Boeksamenvatting - Compendium Burgerlijk Procesrecht - Stein & Rueb - 20e druk
- 1313 keer gelezen
Het burgerlijk procesrecht (hierna: bpr) valt uiteen in twee verschillende delen:
Het vermogensrecht: waar rechten ter vrije beschikking van de rechtssubjecten staan. De tussenkomst van de rechter wordt ingeroepen voor beslechting van een geschil over de inhoud van de rechtsbetrekking en/of ter verkrijging van een afdwingbare vordering.
Het personen- en familierecht: waar rechten niet ter vrije beschikking staan. De taak van de rechter is hierbij het behartigen van specifieke belangen.
Dit verschil werkt door in de doelstellingen en de regels van de betreffende rechtspleging.
Op dit terrein heeft het bpr tot taak om het mogelijk maken aanspraken, die voortvloeien uit het privaatrecht, op een efficiënte, effectieve en eerlijke wijze te verwezenlijken. Het bpr heeft een regeling voor (1) de procedure die tot een beslissing omtrent de rechtsverhouding tussen partijen moet leiden en (2) de tenuitvoerlegging van die beslissing: de executie. Deze twee onderdelen zijn met elkaar verbonden door het vonnis.

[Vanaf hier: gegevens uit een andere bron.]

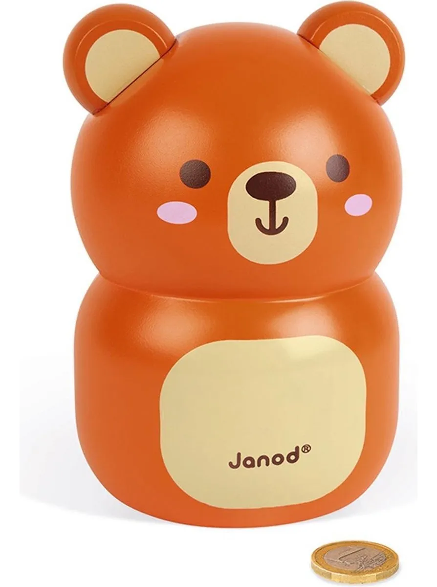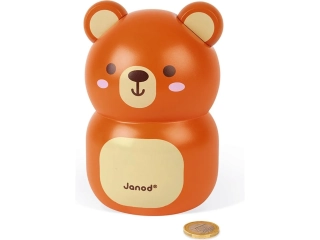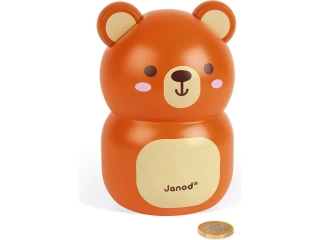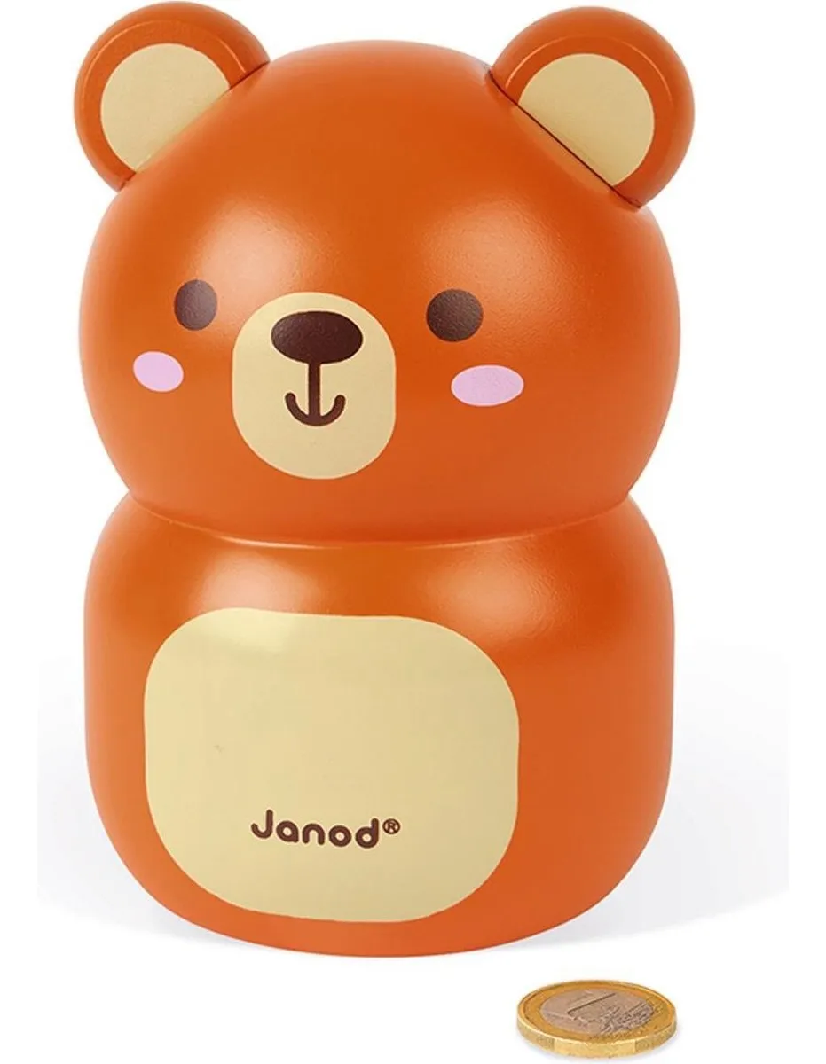alcancía osito janod, alcancía de madera janod, alcancía infantil janod, osito janod, juguete educativo janod, alcancía decorativa niños, alcancía janod uruguay, juguetes de madera janod

De hoofddoelstelling van het bpr is het mogelijk maken dat de crediteur, die een aanspraak heeft op een geven, doen of nalaten, een veroordeling van de debiteur krijgt die hij, zo nodig met overheidshulp, kan executeren (art. 3:296 BW). Het bpr dient eigenrichting tegen te gaan. Eigenrichting is het afdwingen, zonder overheidshulp met eigen machtsmiddelen, van een burgerrechtelijke aanspraak. Dit probeert het bpr tegen te gaan door middelen tot handhaving van de privaatrechtelijke rechtsorde ter beschikking te stellen. Het bpr moet dus voldoende rechtsbescherming bieden zodat men niet in de verleiding komt ‘het recht in eigen hand te nemen’.
Een rechtsvordering is de in rechte ingestelde eis. Uitgangspunt is de materiële aanspraak van de schuldeiser (het subjectieve recht, waaraan een vorderingsrecht is verbonden).De taak van de rechter om bij vermogensrechtelijke geschillen afdwingbare veroordelingen uit te spreken of te beslissen, wordt wel contentieuze ofwel eigenlijke rechtspraak genoemd.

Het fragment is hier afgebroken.